A journal of memories, impressions, ideas and mistakes.

Friday, April 30, 2004

A note from a co-conspirator in the great Kentucky getaway scheme. Arranging for a phone call. She is the person who will vouch for my wellbeing during this so-called innocuous visit. It's all very hush hush. You may recall, this is the trip I made to Louisville, KY to spend the weekend with my fiancee' who was then in the army, and the gyrations we had to go through to fool my parents, his parents, the hotel - you name it. This simply wasn't done it my set in those days. Not openly, anyway. Oh - we were all having sex, or about to have sex, or something like that, but our mothers never knew about it. Not mine, anyway. It simply wasn't done.

Thursday, April 29, 2004

My very first postcard from New York City. I didn't get there until 1996. My college friend Charline. They are staying at the Astor, the "crossroads of the world" in Times Square. The postcard is a nice watercolor of the Astor, "750 air-conditioned guest rooms each with television and radio." "Telephone JUdson 6-3000."

Wednesday, April 28, 2004

November 16, 1962. Letter from mom. I am coming home for the weekend. She says don't bring laundry - she won't have time to do it (like I couldn't? probably not) and to bring her pie carrier. I must have taken one of mom's pies off to college with me.

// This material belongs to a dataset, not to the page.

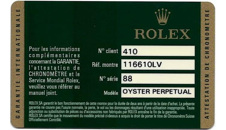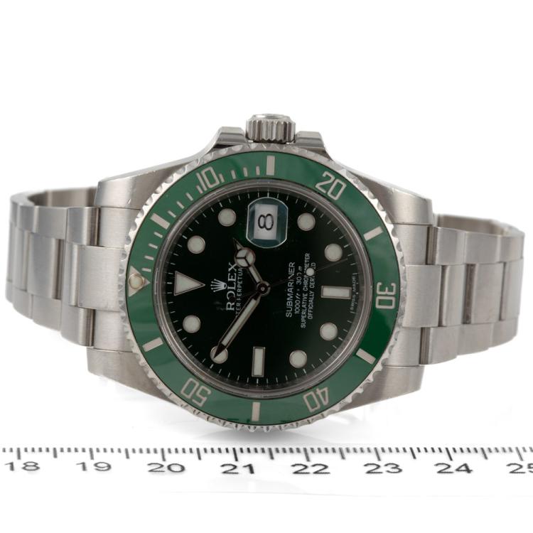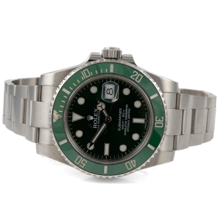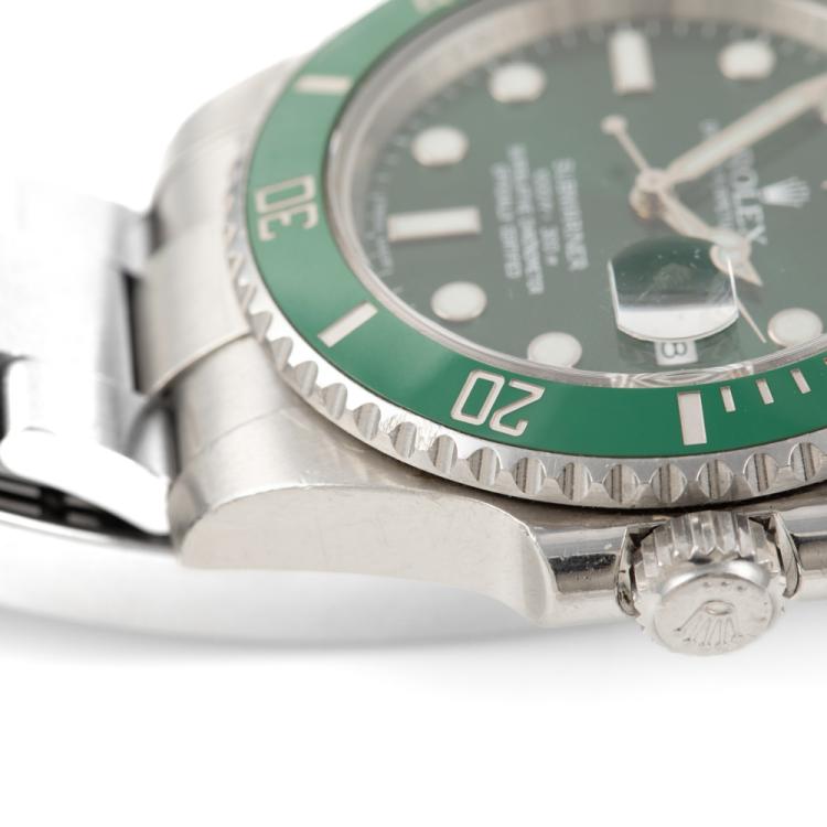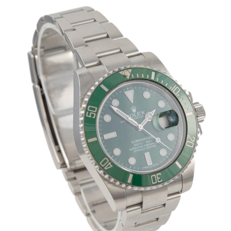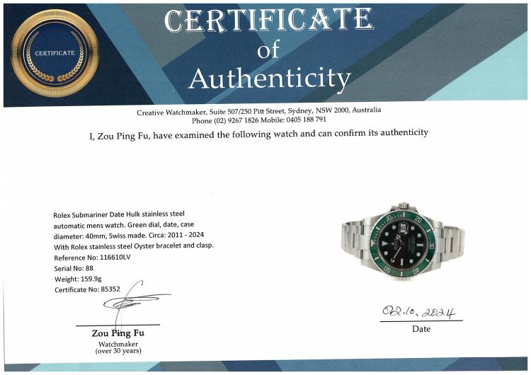 Rolex Submariner Date Hulk stainless steel automatic mens watch. Green dial, date, case diameter: 40mm, wrist size: 21.5cm, Swiss made. Ref# 116610LV. Circa: 2011 - 2024. With Rolex stainless steel Oyster bracelet and clasp. With Certificate of Authenticity, Rolex International Guarantee card dated 01/02/2013 and Rolex box. 3 month FSA warranty (Pre-owned)

I started a poem years and years ago which began:

I don't remember my mother
When she was there.
I don't remember how she wore her hair.

I have pictures, but I have no real memories. No scents. No sounds. No pictures in my head. Just stories. Just myths.

Tuesday, April 27, 2004

Another letter from mom. February 3, 1963. My grandparents and aunt (mom's parents and sister) have been to visit. My grandmother left some pillow cases she embroidered for my birthday. She told mom they were for my hope chest. I loved my grandmother so much. I know I dashed her hopes. I wish I still had the pillow cases. I wish I knew where they were. Petty regrets. My life has been long and full and interesting, and the only real regrets I have are these petty ones. Those and the alternate lives I sometimes miss, but would not miss what I have in fact had. Make sense? I didn't think so.

Mother chides me for forgetting my social security card when applying for a job, saying the fact that I didn't have it with me is a bad sign to a future employer right there. I think I regarded such minor details as social security cards as some sort of right wing anti-intellectual sub-plot that had nothing to do with my real life. I never actually wanted a job.

Birdwatching again this weekend. Snipe. I remember girl scout camps, where we would take newcomers on nightly snipe hunts. The kicker was that there were no such things as snipe. Yes, actually, there are.